Rovine a L'Aquila   MILANO* - «Questa parte del Paese non cambia mai, l'Abruzzo è un peso morto per noi come tutto il Sud. C'è bisogno di uno scatto di dignità degli abruzzesi. È sano realismo padano». Così il leghista Mario Borghezio al programma tv in onda su You Tube KlausCondicio. 
*L'AFFONDO - «Il comportamento di molte parti delle zone terremotate dell'Abruzzo è stato singolare, abbiamo assistito per mesi a lamentele e sceneggiate* - prosegue Borghezio - eccezioni ci sono dappertutto, ma complessivamente è stata un po' una riedizione rivista e corretta dell'Irpinia: prevale sempre l'attesa degli aiuti, non ci sono importanti iniziative autonome di ripresa. Si attende sempre che arrivi qualcosa dall'alto, nonostante dall'alto arrivi molto». *«Mi domando quale sarebbe stata la reazione degli abruzzesi nei confronti di un comportamento*"risparmioso" da parte dello Stato, con l'invio di aiuti a gocce come è per i veneti; questo fa solo aumentare il senso di disaffezione dei veneti verso lo Stato centralista, credo che siamo ormai giunti ad un punto di rottura», conclude Borghezio. 
*LA PRECISAZIONE *- Successivamente Borghezio, parlando con l'agenzia AdnKronos, ha precisato il suo pensiero: «Non mi sognerei mai di dire che l'Abruzzo e i terremotati abruzzesi sono un peso morto per il Paese. Il mio disappunto è, semmai, per l'ennesima conferma dell'atteggiamento che le amministrazioni, più ancora che le popolazioni, del meridione, mettono in campo di fronte ai problemi, alle emergenze ed alle catastrofi: quello cioè di far prevalere le tradizionali, eterne aspettative nei confronti dello Stato centrale, anziché rimboccarsi le maniche come hanno dimostrato di saper e voler fare, ad esempio, le popolazioni venete, anche di recente».

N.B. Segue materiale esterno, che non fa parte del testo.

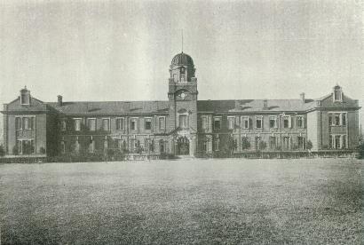 经过一段时间对提镇行辕的修整,1905年9月14日,学校终于顺利在吴淞开学了。校舍虽然陈旧,规模倒不小。学校门前是一面照墙,照墙边上两根旗杆,东西两扇门,贴着门神秦叔宝和尉迟恭。进了仪门,是一个石板甬道,径直向前拾级而上经过一个平台,便到了大堂,那里用作礼堂,也兼饭堂。两庑有二三十间平屋,遥夹甬道,东西相向,作课堂、宿舍、办公室。大堂里面,前后有三进平屋,正中后进六七间,是校长室、教职员宿舍,其余都是课堂及学生宿舍。有一个化学实验室,又搭了几间板屋,做浴室、厕所、盥洗处,就在各宿舍的前廊。学校房间总数在60间左右:8间讲堂,大小21间寝室,4间盥洗室,2间浴室,1间理发室,大小11间教职员寝室,1间阅报室,大小3间理化室,1间会客室,1间厨房,2间储藏室,1间调养室,4处厕所等。只是学生宿舍不足,只够80人寄宿,学校不得不在淞沪铁路对面的吴淞怀远里另租几幢三间两厢房的石库门与几间沿着市河(今淞滨路)的房子做校外宿舍。
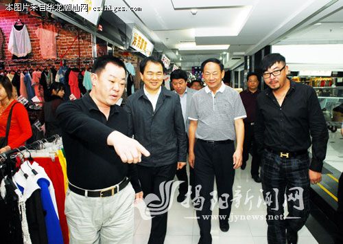 李兴华一行在陈东等的陪同下前往普宁国际服装城调研。
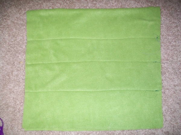 Your fleece should have a right side and a wrong side, and damnit if it's been going to church it should know the difference. With right sides facing in, sew up one of the short sides. Turn. Press if you're feeling saucy. That seam is now the top of your bag.
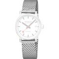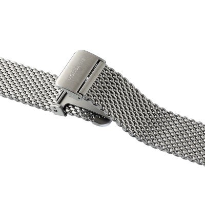 This Mondaine watch strap is made of stainless steel and is attached to the watch by means of quick release pushpins. The band has a width of 18 mm and is closed by means of a deployment buckle. The strap has a straight mount which means that this strap is suitable for all Mondaine watches with a straight mount.
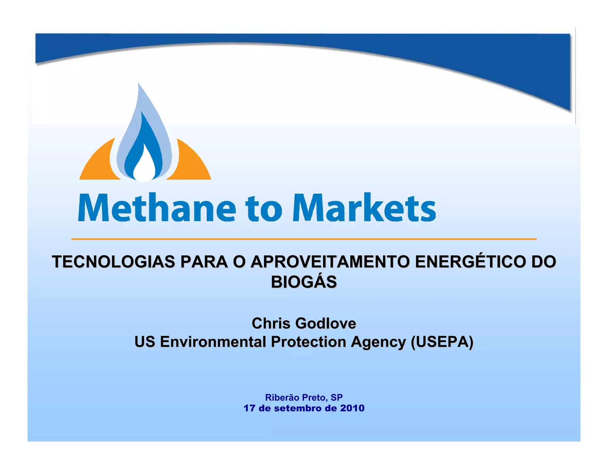 O documento discute as tecnologias para aproveitamento energético do biogás, incluindo seu uso direto como combustível de baixa e alta densidade térmica, geração de eletricidade e cogeração. As opções de aproveitamento incluem aquecimento, veículos e injeção em gasodutos.

*LE REAZIONI *- «Borghezio chieda scusa immediatamente ai terremotati dell'Abruzzo perché ha offeso la sofferenza dei vivi e il ricordo dei morti. Un peso morto per lo Stato e per gli italiani non sono gli abruzzesi, ma è Borghezio e i leghisti come lui. Il Carroccio si dissoci dalle inqualificabili parole dell'europarlamentare e chieda scusa ai poveri cittadini abruzzesi che, oltre alla grave tragedia subita e alle mille promesse non mantenute da questo governo, ora si devono anche sentire gli oltraggi di persone come Borghezio». È quanto afferma in una nota il portavoce dell'Italia dei Valori, Leoluca Orlando. «Borghezio si domandi come mai Berlusconi ha cessato le passerelle mediatiche a L'Aquila e perchè le macerie sono ancora nel centro storico dove non è mai iniziata la ricostruzione», conclude Orlando.

*10 gennaio 2011*



 VIDEOREPORTAGE - Viaggio nell'Abruzzo post terremoto _R.Oliva_


http://www.corriere.it/politica/11_...zo_433e2fe6-1cb0-11e0-a4b5-00144f02aabc.shtml


Se ne parla anche qui:
http://www.ilfattoquotidiano.it/201...uzzo-e-un-peso-morto-come-tutto-il-sud/85643/



:incazzato: Borghezio e' una merda. :bleah::bleah:


----------



## aristocat (11 Gennaio 2011)

Non so, qui Borghezio dice tutto e non dice niente... se pensa che gli Abruzzesi potrebbero fare di più e meglio, dia suggerimenti precisi, ci metta la faccia e proponga iniziative _concrete_. 
Così è solo aria fritta :blank:. Anche perchè, come dicono proprio in Abruzzo (sarà un caso?): _le chiacchiere se le porta 'llu vento, li maccarune arriempie la panza.

:singleeye:_


----------



## Mari' (12 Gennaio 2011)

*L'Abruzzo è un peso morto*





« Il comportamento di molte parti delle zone terremotate dell’Abruzzo è stato singolare, abbiamo assistito per mesi a lamentele e sceneggiate. [...] Mi domando quale sarebbe stata la reazione degli abruzzesi nei confronti di un comportamento 'risparmioso' da parte dello Stato, con l’invio di aiuti a gocce come è per i veneti. Questo fa solo aumentare il senso di disaffezione dei veneti verso lo Stato centralista, credo che siamo ormai giunti a un punto di rottura [...] Questa parte del Paese non cambia mai, *l'Abruzzo è un peso morto* per noi come tutto il Sud. »​Il cervello di Borghezio è un *peso morto*, un'appendice necrotica animata da scatti convulsi come le code mozze delle lucertole. Per la proprietà transitiva dell'uguaglianza, Borghezio stesso é un *peso morto* per la democrazia. Come quando tenne lezioni di fascismo ai francesi:« Bisogna rientrare nelle amministrazioni dei piccoli comuni. Dovete insistere molto sull'aspetto regionalista del movimento. Ci sono delle buone maniere per non essere etichettati come *fascisti nostalgici*, ma come un nuovo movimento regionale, cattolico, eccetera, ma sotto sotto *rimanere gli stessi*. »​Come quando venne fermato con una cartolina firmata "Ordine Nuovo", indirizzata al "_bastardo Luciano Violante_", con scritto "_1, 10, 100, 1000 Occorsio_", riferendosi al giudice *Vittorio Occorso*, ucciso due giorni prima per il suo impegno contro il *terrorismo nero*. E come quando venne *condannato in via definitiva* per l'incendio ai pagliericci di alcuni immigrati. 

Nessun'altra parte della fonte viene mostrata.